### Records shown
******************************
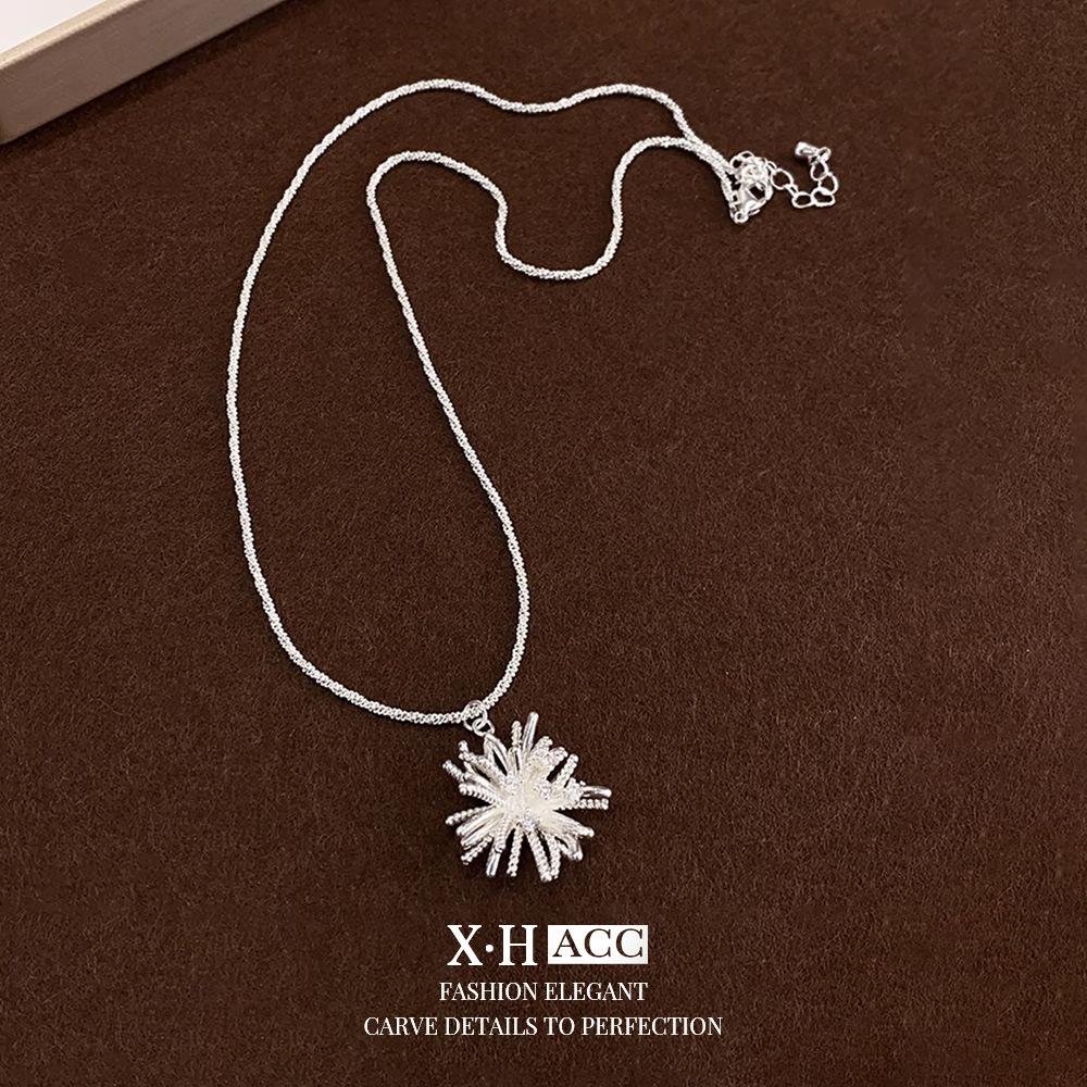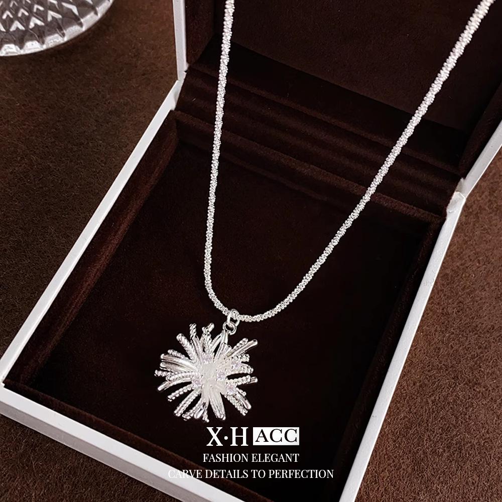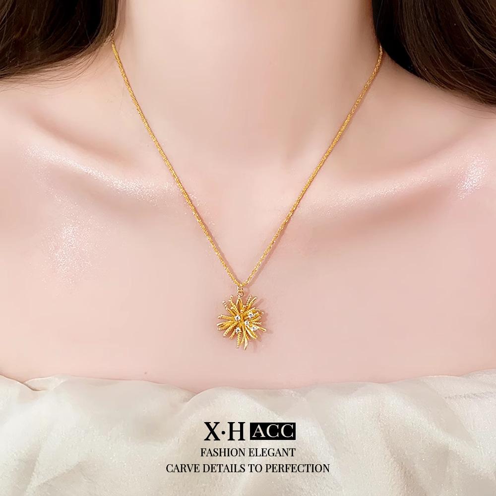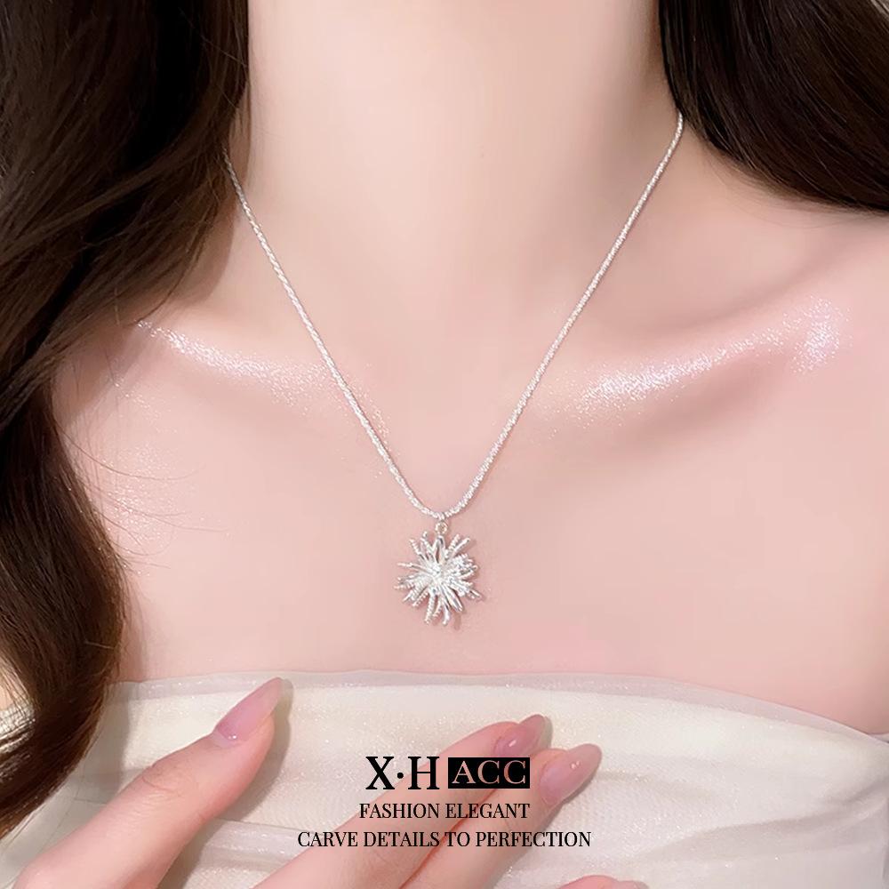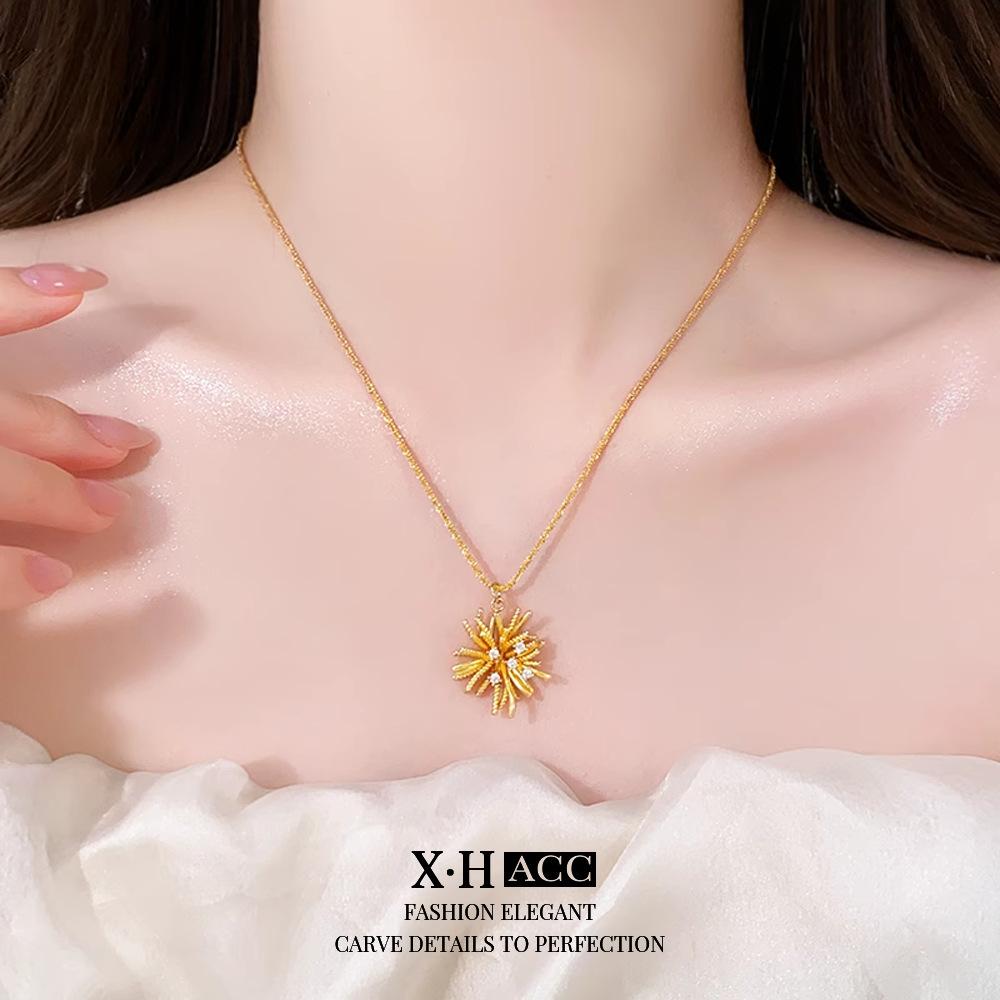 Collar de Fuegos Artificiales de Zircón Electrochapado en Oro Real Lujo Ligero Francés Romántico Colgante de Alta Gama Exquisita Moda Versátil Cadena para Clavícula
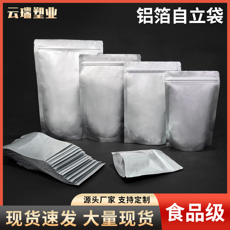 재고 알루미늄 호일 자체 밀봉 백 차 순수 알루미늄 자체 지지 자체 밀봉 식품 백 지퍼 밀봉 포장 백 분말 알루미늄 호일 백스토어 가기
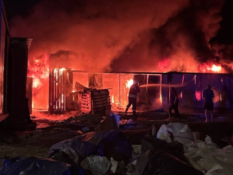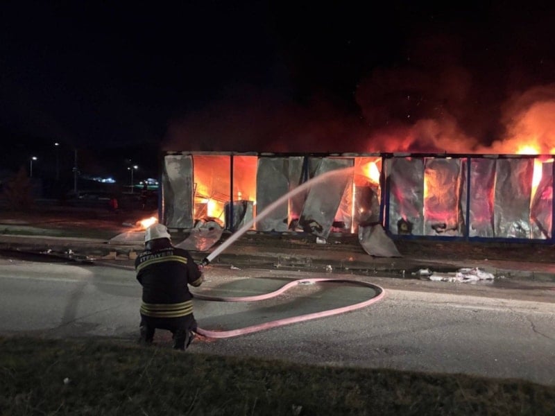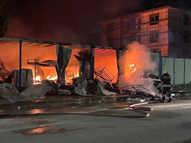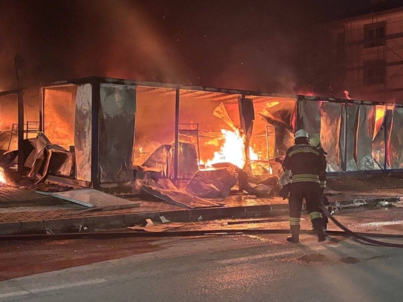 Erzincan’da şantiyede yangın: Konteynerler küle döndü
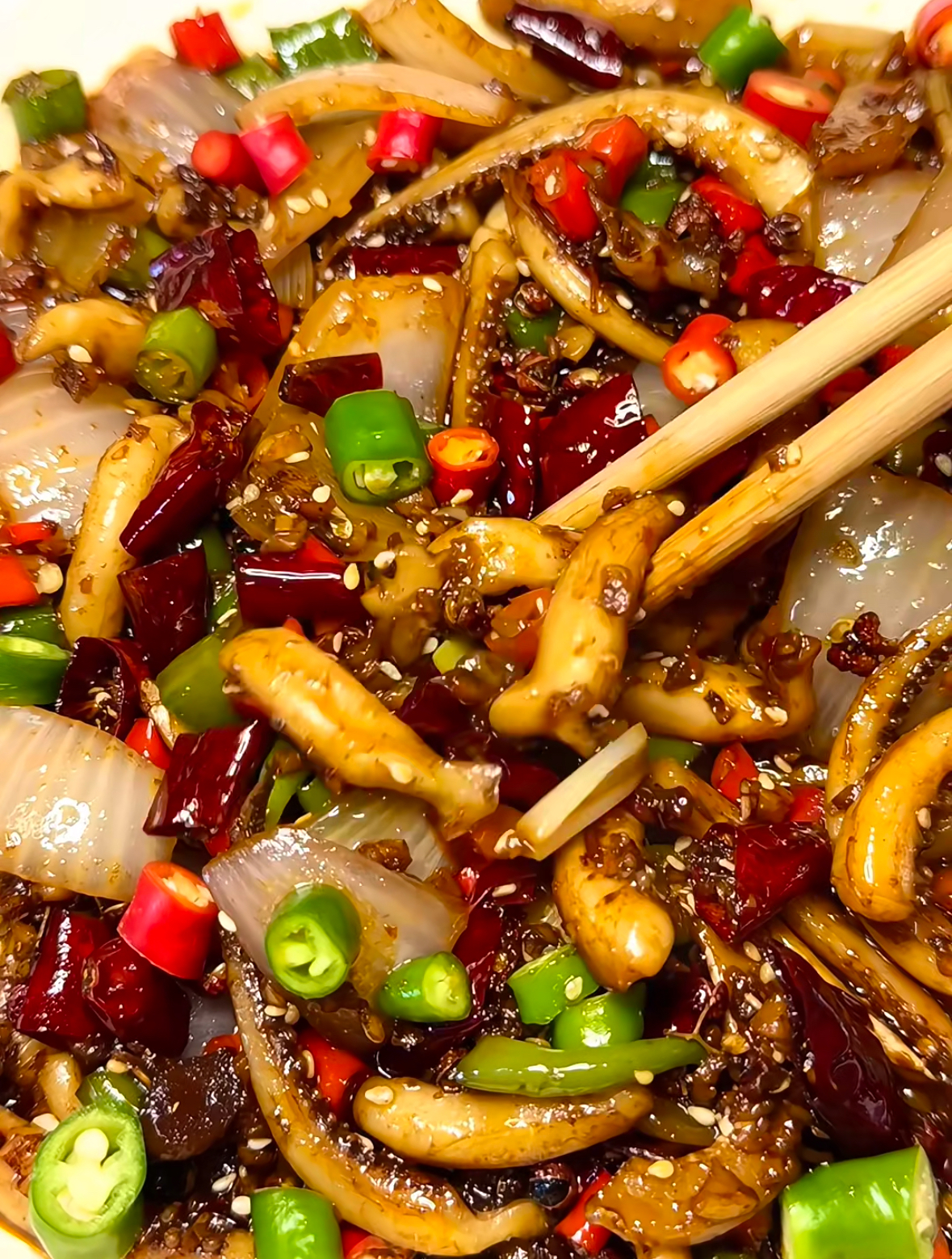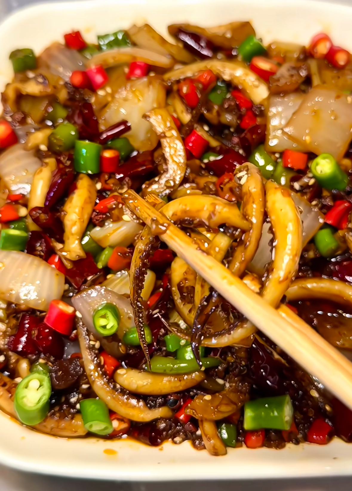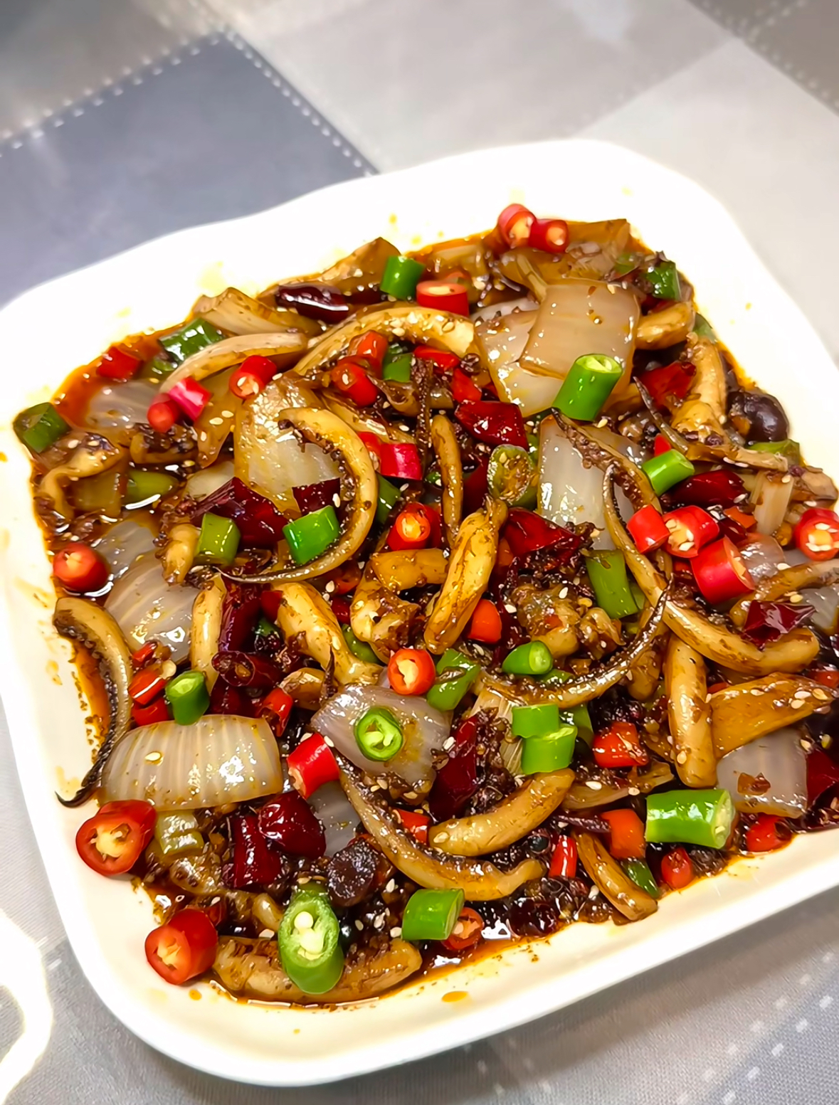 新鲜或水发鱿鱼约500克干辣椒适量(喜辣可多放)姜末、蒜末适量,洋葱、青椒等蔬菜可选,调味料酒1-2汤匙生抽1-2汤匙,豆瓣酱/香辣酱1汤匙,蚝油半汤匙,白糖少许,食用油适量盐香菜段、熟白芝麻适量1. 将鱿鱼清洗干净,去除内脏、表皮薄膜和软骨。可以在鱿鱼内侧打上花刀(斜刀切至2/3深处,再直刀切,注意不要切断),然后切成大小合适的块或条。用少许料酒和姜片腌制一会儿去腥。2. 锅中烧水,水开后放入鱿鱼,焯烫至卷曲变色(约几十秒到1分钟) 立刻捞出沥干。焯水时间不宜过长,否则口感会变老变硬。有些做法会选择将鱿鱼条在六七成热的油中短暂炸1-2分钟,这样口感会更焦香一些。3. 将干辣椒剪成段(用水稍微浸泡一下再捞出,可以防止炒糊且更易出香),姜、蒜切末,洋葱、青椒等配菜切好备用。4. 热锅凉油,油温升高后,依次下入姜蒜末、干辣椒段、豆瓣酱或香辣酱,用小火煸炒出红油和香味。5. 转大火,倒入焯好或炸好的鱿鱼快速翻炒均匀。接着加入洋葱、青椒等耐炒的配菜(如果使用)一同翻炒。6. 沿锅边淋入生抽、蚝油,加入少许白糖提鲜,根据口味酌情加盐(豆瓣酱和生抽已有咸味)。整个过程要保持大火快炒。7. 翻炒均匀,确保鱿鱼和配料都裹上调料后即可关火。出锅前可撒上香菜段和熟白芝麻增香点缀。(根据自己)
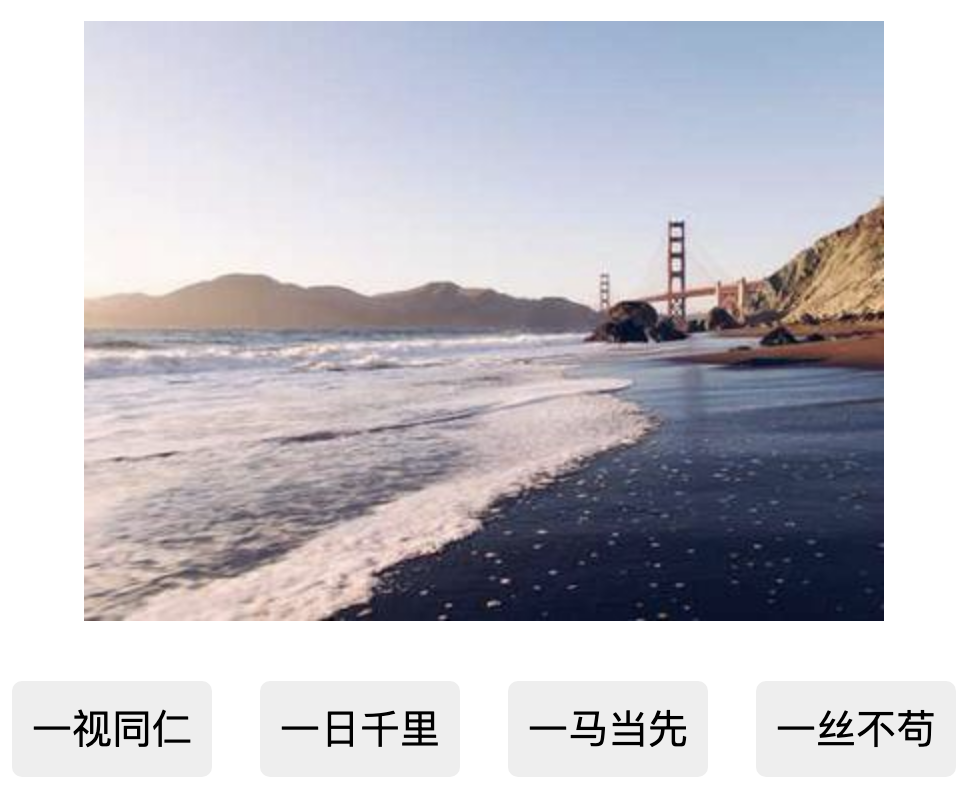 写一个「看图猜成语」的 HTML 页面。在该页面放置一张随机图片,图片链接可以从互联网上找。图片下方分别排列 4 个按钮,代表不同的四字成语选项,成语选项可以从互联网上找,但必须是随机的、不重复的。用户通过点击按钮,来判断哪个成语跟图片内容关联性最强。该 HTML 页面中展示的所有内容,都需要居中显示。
******************************
### Problem to work on
Only the lines from the line with "Erzincan’da şantiyede yangın: Konteynerler" through the closing line of the data, both included, should be set down, exactly as written and without pictures.

### Result
 Erzincan’da şantiyede yangın: Konteynerler küle döndü
 新鲜或水发鱿鱼约500克干辣椒适量(喜辣可多放)姜末、蒜末适量,洋葱、青椒等蔬菜可选,调味料酒1-2汤匙生抽1-2汤匙,豆瓣酱/香辣酱1汤匙,蚝油半汤匙,白糖少许,食用油适量盐香菜段、熟白芝麻适量1. 将鱿鱼清洗干净,去除内脏、表皮薄膜和软骨。可以在鱿鱼内侧打上花刀(斜刀切至2/3深处,再直刀切,注意不要切断),然后切成大小合适的块或条。用少许料酒和姜片腌制一会儿去腥。2. 锅中烧水,水开后放入鱿鱼,焯烫至卷曲变色(约几十秒到1分钟) 立刻捞出沥干。焯水时间不宜过长,否则口感会变老变硬。有些做法会选择将鱿鱼条在六七成热的油中短暂炸1-2分钟,这样口感会更焦香一些。3. 将干辣椒剪成段(用水稍微浸泡一下再捞出,可以防止炒糊且更易出香),姜、蒜切末,洋葱、青椒等配菜切好备用。4. 热锅凉油,油温升高后,依次下入姜蒜末、干辣椒段、豆瓣酱或香辣酱,用小火煸炒出红油和香味。5. 转大火,倒入焯好或炸好的鱿鱼快速翻炒均匀。接着加入洋葱、青椒等耐炒的配菜(如果使用)一同翻炒。6. 沿锅边淋入生抽、蚝油,加入少许白糖提鲜,根据口味酌情加盐(豆瓣酱和生抽已有咸味)。整个过程要保持大火快炒。7. 翻炒均匀,确保鱿鱼和配料都裹上调料后即可关火。出锅前可撒上香菜段和熟白芝麻增香点缀。(根据自己)
 写一个「看图猜成语」的 HTML 页面。在该页面放置一张随机图片,图片链接可以从互联网上找。图片下方分别排列 4 个按钮,代表不同的四字成语选项,成语选项可以从互联网上找,但必须是随机的、不重复的。用户通过点击按钮,来判断哪个成语跟图片内容关联性最强。该 HTML 页面中展示的所有内容,都需要居中显示。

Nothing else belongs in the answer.